Test automation aims to ease the process and ensure that everything is always performed and confirmed. At SoftwarePlant, we maintain a weekly release cycle and each subsequent version introduces a lot of new fixes and features, hence fast testing is absolutely crucial. Our continuous delivery requires automation.
“Selenium lets you write code and enchant it. After running this enchanted code, browser starts quality-assurance-dance in front of your eyes. Things just happen on their own and you can overlook them with a cup of tea”
Dastin is the head of our testing department and he directs development of test base, built using Selenium framework. It allows him to automate user-like behaviour, then scale and distribute test scenarios across many concurrent nodes.
Continuous integration provides up-to-date feedback channel – we set up Jenkins, so that test results are displayed on one of the huge TVs in our office. Any kind of red color means the build is off and it’s time to push the big red intervene button.

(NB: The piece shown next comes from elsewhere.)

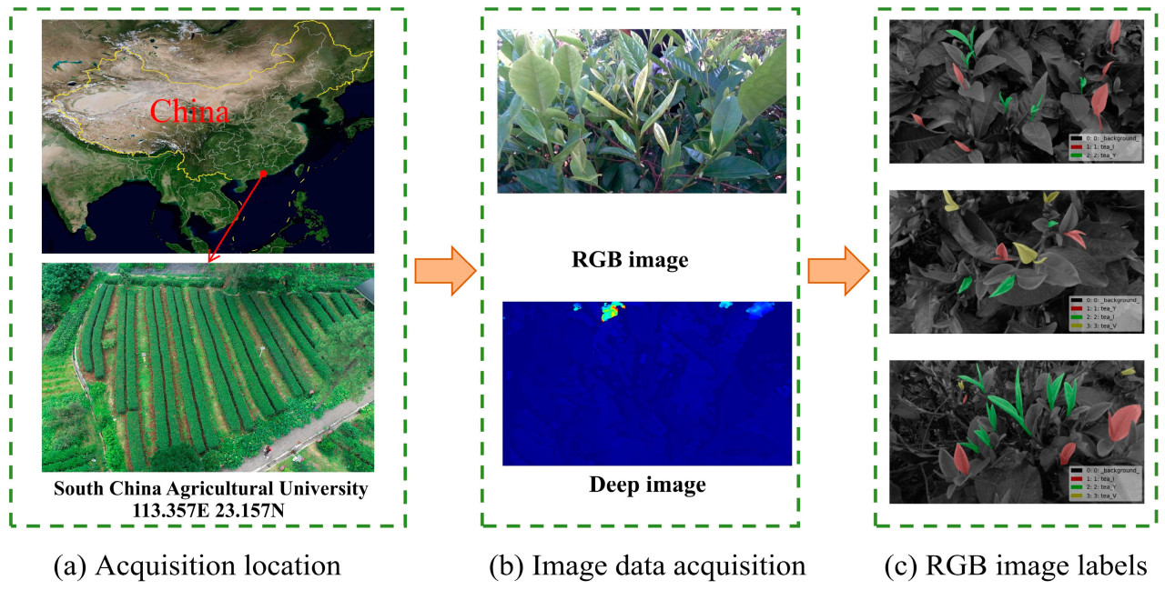 Данное исследование сосредоточено на сорте Yinghong No. 9, данные изображений были собраны в естественной среде в Южно-Китайском сельскохозяйственном университете в Гуанчжоу, провинция Гуандун, Китай. Из-за сложного фона в чайных садах внешний вид изображений чайных почек различается при разных углах обзора. Чтобы повысить надежность и обобщаемость визуальной модели, предложенной в этом исследовании, был проведен эксперимент по сбору данных изображений с нескольких углов с использованием камеры глубины Intel RealSense D405. Были захвачены несколько RGB и глубинных изображений с различных углов. RGB-изображения использовались для распознавания визуальной моделью, в то время как глубинные изображения предоставляли 3D-информацию для оценки позы чайных почек. Набор данных состоит из 1434 исходных RGB-изображений, которые были размечены с помощью программного обеспечения LabelMe (https://github.com/labelmeai/labelme, доступ осуществлен 17 августа 2023 г.). Информация о метках хранится в формате "json". В процессе маркировки применялся подход "одна почка - один лист", с метками "tea_Y", "tea_I" и "tea_V", назначенными для представления трех различных форм чайных почек в поле зрения камеры. В частности, "tea_Y" указывает, что чайная почка, чайный лист и стебель хорошо видны; "tea_I" указывает, что чайная почка и чайный лист перекрываются под заданным углом, а стебель хорошо виден; "tea_V" указывает, что чайная почка и чайный лист хорошо видны, а стебель закрыт. Среда чайного сада для сбора данных и размеченные RGB-изображения показаны на Рисунке 2.

What’s more, whenever Selenium cannot finish a test successfully due to technical problems or a bug in the build, it provides history of steps in the scenario with the problem along with a screenshot of what happened at the failure moment. Based on this we can dive into the specific problem instead of going through everything all over again.
Jenkins is invaluable and customizable tool. It is responsible for launching Selenium tests. Builds can be started by various means, including being triggered by changes of code in a version control system or by building when other builds have completed. This gives us the needed flexibility, as some parts of the code are shared between our apps (like with BigGantt and BigPicture’s gantt chart module).
We do perform some manual testing, as all tools can fail and we want to ensure everything is 100% in order. Automation simply increases the number of scenarios covered and helps us save a lot of time, which we then commit to develop great new features.